Problem requirements
When you reach the line containing "会计凭证审核时,代表经手人增", please repeat it and every line after it exactly, through the end of the listing below, skipping pictures.

Extracted information
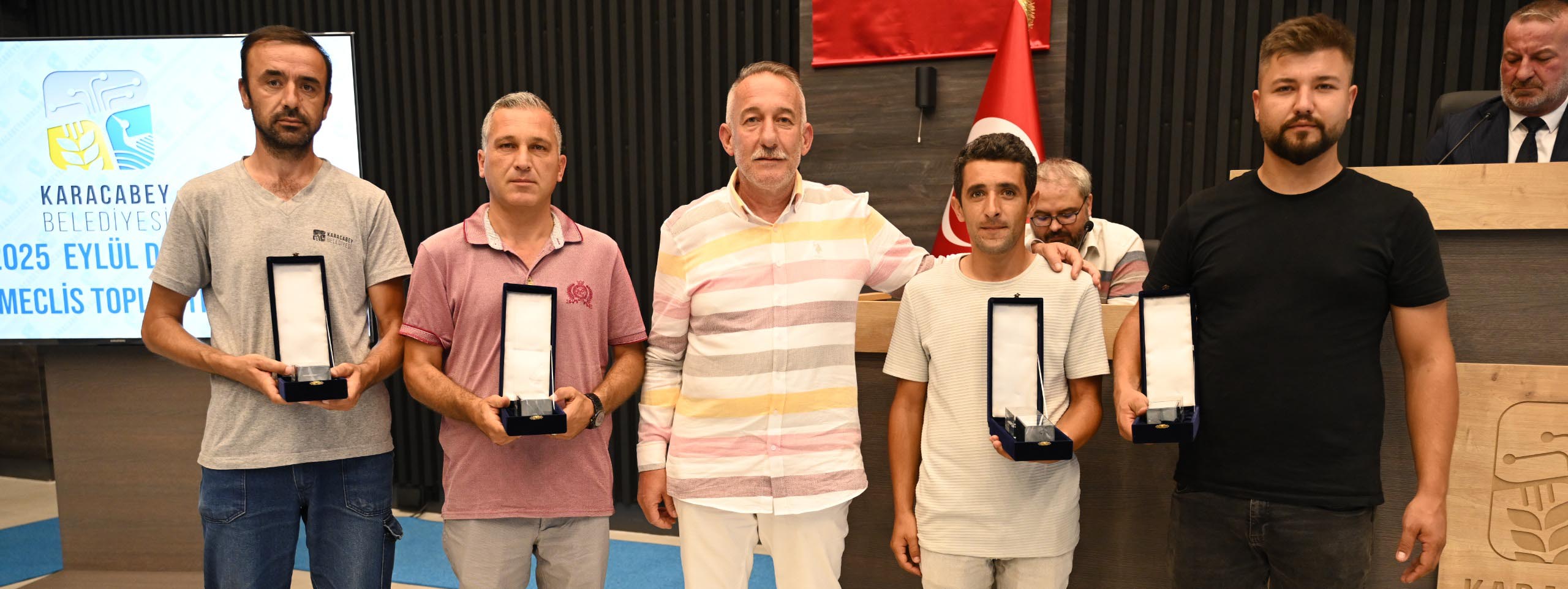 Meclis öncesinde her ay düzenli olarak gerçekleştirilen “Ayın Personeli” kapsamında, Çanakkale’deki büyük orman yangınına gönüllü olarak müdahale eden Fen İşleri Müdürlüğü personelleri Burak Yenilmez, Levent Kunduzcu, Aydın Kaya ve Furkan Bektaş plaket ile ödüllendirildi. Plaketleri, AK Parti Meclis Üyesi Faruk Türe tarafından takdim edilirken, Başkan Karabatı da özverili çalışmaları dolayısıyla personele teşekkür etti.
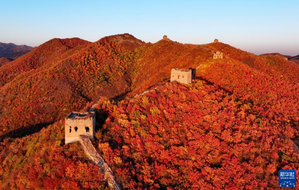 深秋時節(jié),河北省秦皇島市海港區(qū)境內(nèi)的長城景區(qū)層林盡染、色彩斑斕,景色美如畫卷。
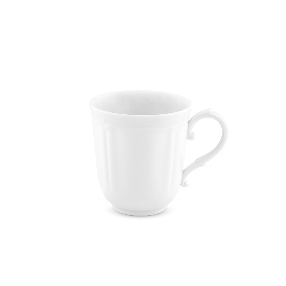 The Antico Doccia mug is distinguished by the delicate decoration in relief on fine porcelain. Antico Doccia is among the historical collections of the Florentine Maison and takes its name from the shape originally created in Doccia. It is characterized by an emblematic design inspired by the designs of late-baroque Florentine silverwork.
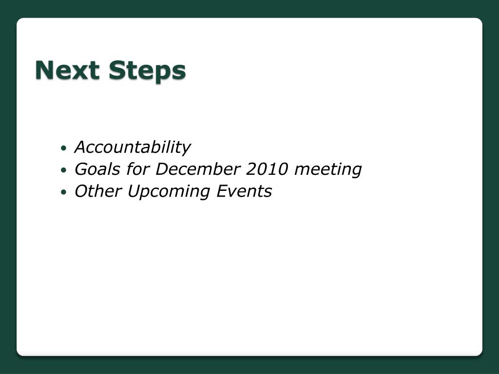 Next Steps • Accountability • Goals for December 2010 meeting • Other Upcoming Events
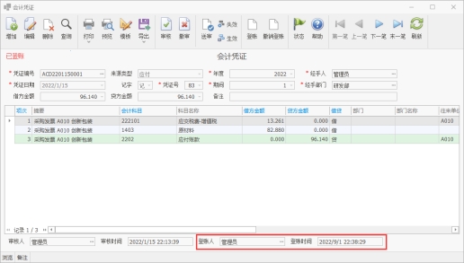 会计凭证审核时,代表经手人增加会计科目完成,审核后的凭证将无法再修改,如果借贷方金额不一致则不可审核。审核并不会将凭证登入账簿
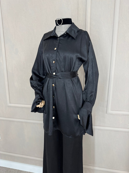 RasprodajaCrni komplet sa volanima na rukavu
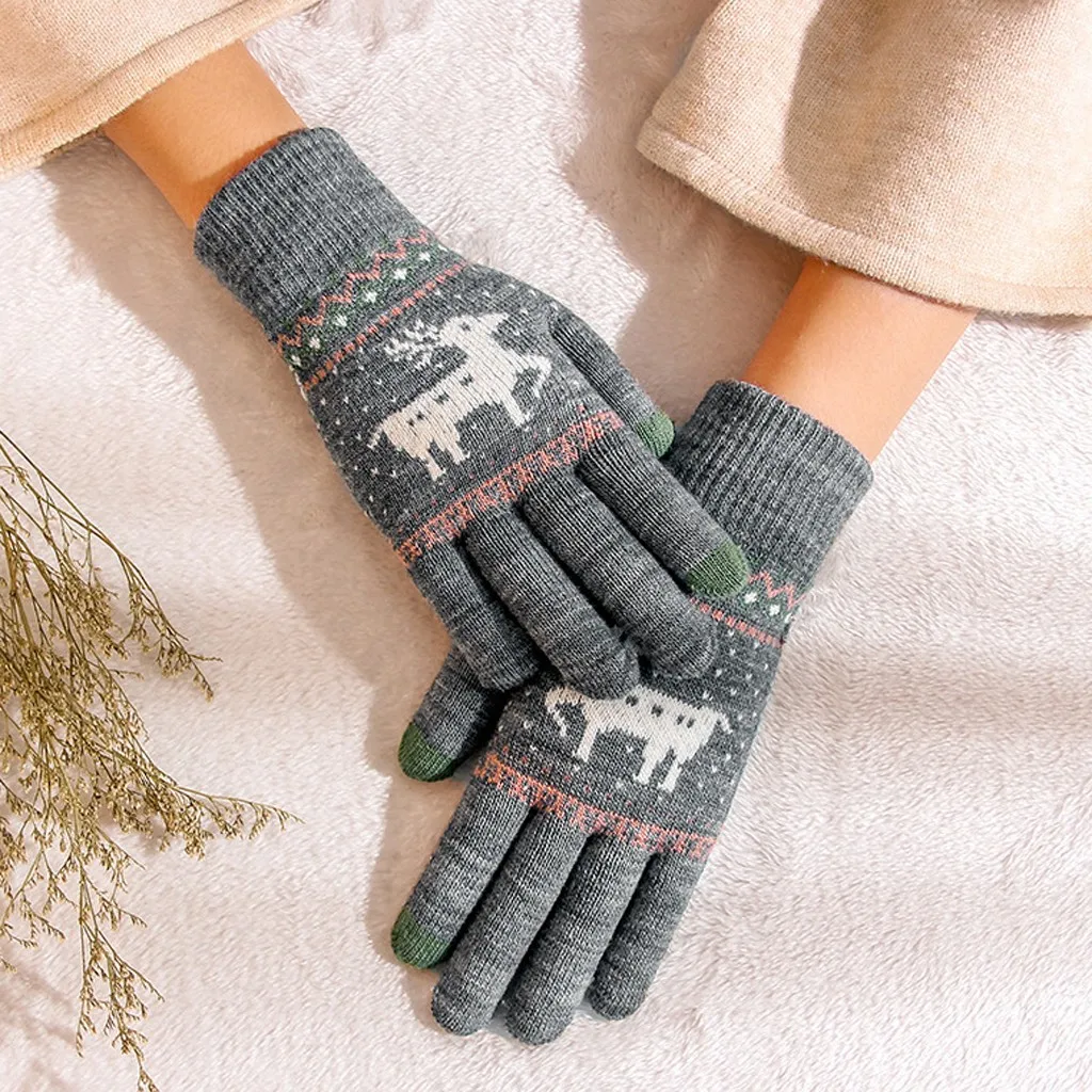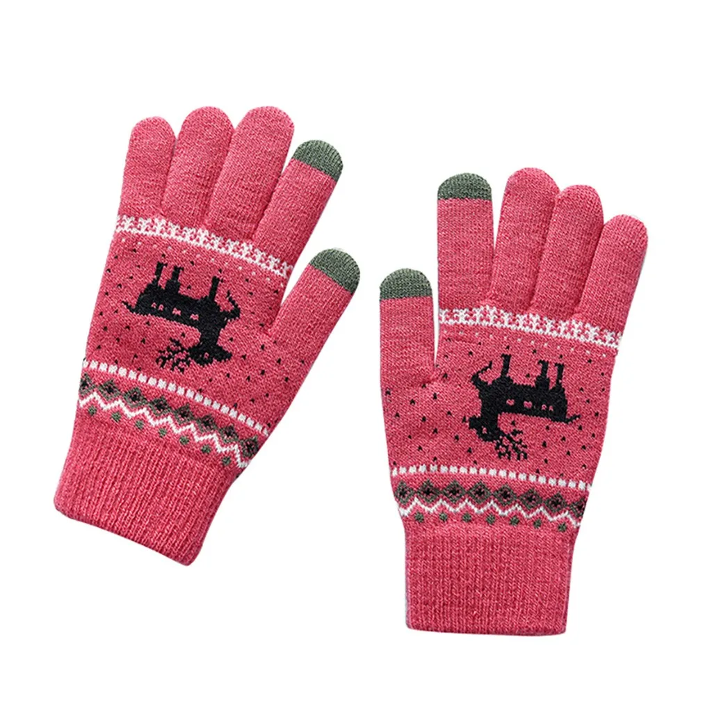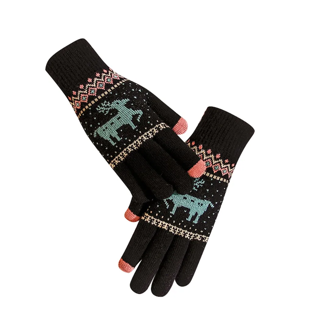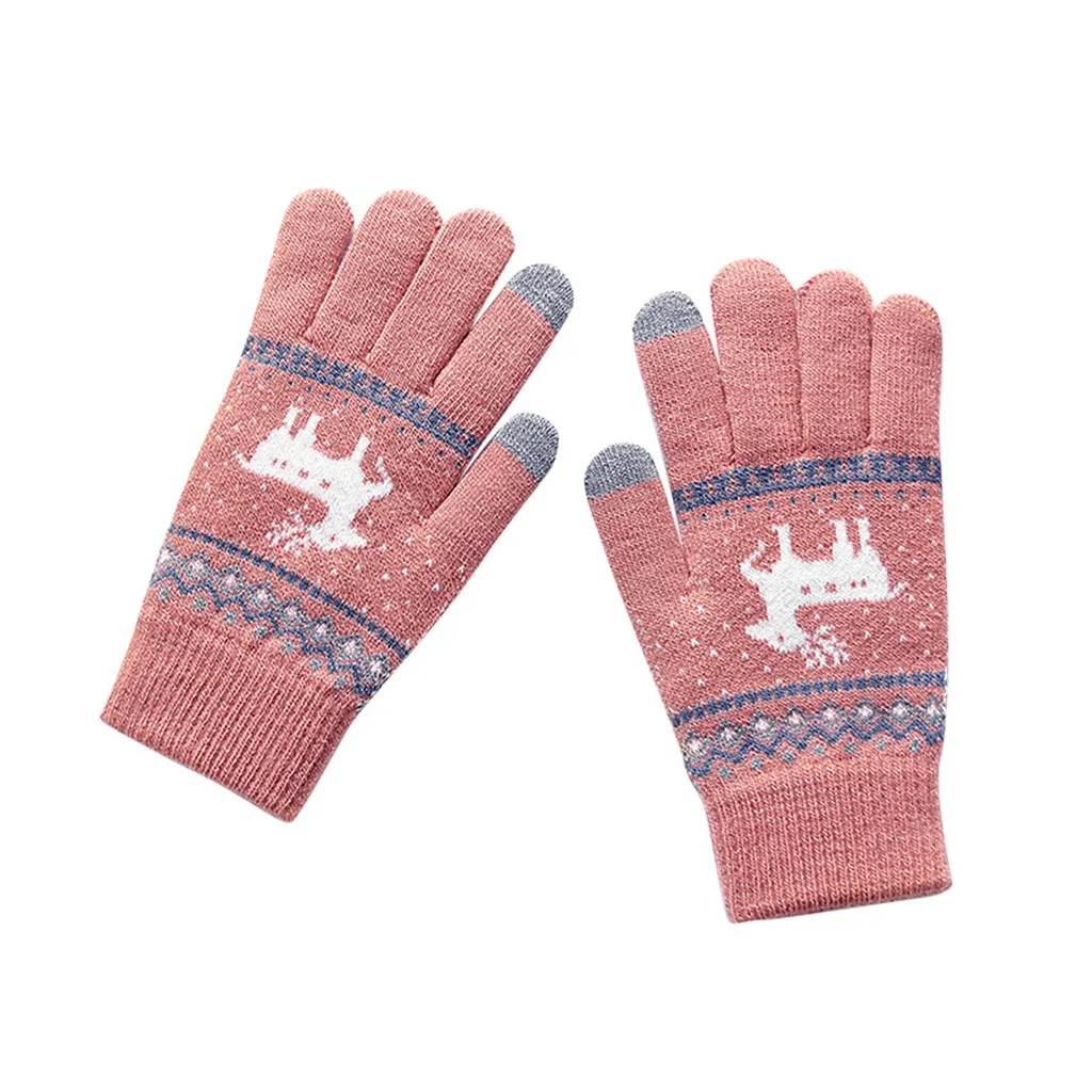 Женские утолщенные флисовые теплые перчатки на запястье с узором лосят 2020, функциональные варежки в стиле бохо для работы с телефоном, Недорогие варежки
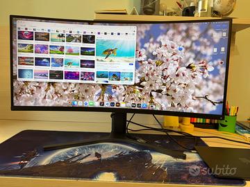 Vendo monitor 34 pollici curvo di marca Xiaomi. Dettagli tecnici dello schermo: _ QHD 3440 x 1440 formato 21:9 34". _ AMD FreeSync con refresh rate a 144 Hz e un tempo di risposta di 3 ms. _ Luminosità 400 nit. _ Raggio di curvatura schermo a R 1800. Il motivo per cui vendo questo monitor è che sono passato ad un monitor più grande in quanto sono cambiate le mie esigenze; rimane comunque un monitor tenuto in perfetto stato e di buona marca. Non presenta alcun graffio ne sullo schermo ne sulla scocca, è orientabile in tutte le direzioni come visibile nella foto che inquadra lo snodo del braccio portante, è possibile alzarlo e abbassarlo a piacimento, risultando essere comodissimo come secondo schermo oppure schermo principale di lavoro/gaming. Incluso con il monitor anche il cavo video, alimentazione e fogli di istruzioni. Il prezzo non è trattabile e consegna a mano.

Answer space
 会计凭证审核时,代表经手人增加会计科目完成,审核后的凭证将无法再修改,如果借贷方金额不一致则不可审核。审核并不会将凭证登入账簿
 RasprodajaCrni komplet sa volanima na rukavu
 Женские утолщенные флисовые теплые перчатки на запястье с узором лосят 2020, функциональные варежки в стиле бохо для работы с телефоном, Недорогие варежки
 Vendo monitor 34 pollici curvo di marca Xiaomi. Dettagli tecnici dello schermo: _ QHD 3440 x 1440 formato 21:9 34". _ AMD FreeSync con refresh rate a 144 Hz e un tempo di risposta di 3 ms. _ Luminosità 400 nit. _ Raggio di curvatura schermo a R 1800. Il motivo per cui vendo questo monitor è che sono passato ad un monitor più grande in quanto sono cambiate le mie esigenze; rimane comunque un monitor tenuto in perfetto stato e di buona marca. Non presenta alcun graffio ne sullo schermo ne sulla scocca, è orientabile in tutte le direzioni come visibile nella foto che inquadra lo snodo del braccio portante, è possibile alzarlo e abbassarlo a piacimento, risultando essere comodissimo come secondo schermo oppure schermo principale di lavoro/gaming. Incluso con il monitor anche il cavo video, alimentazione e fogli di istruzioni. Il prezzo non è trattabile e consegna a mano.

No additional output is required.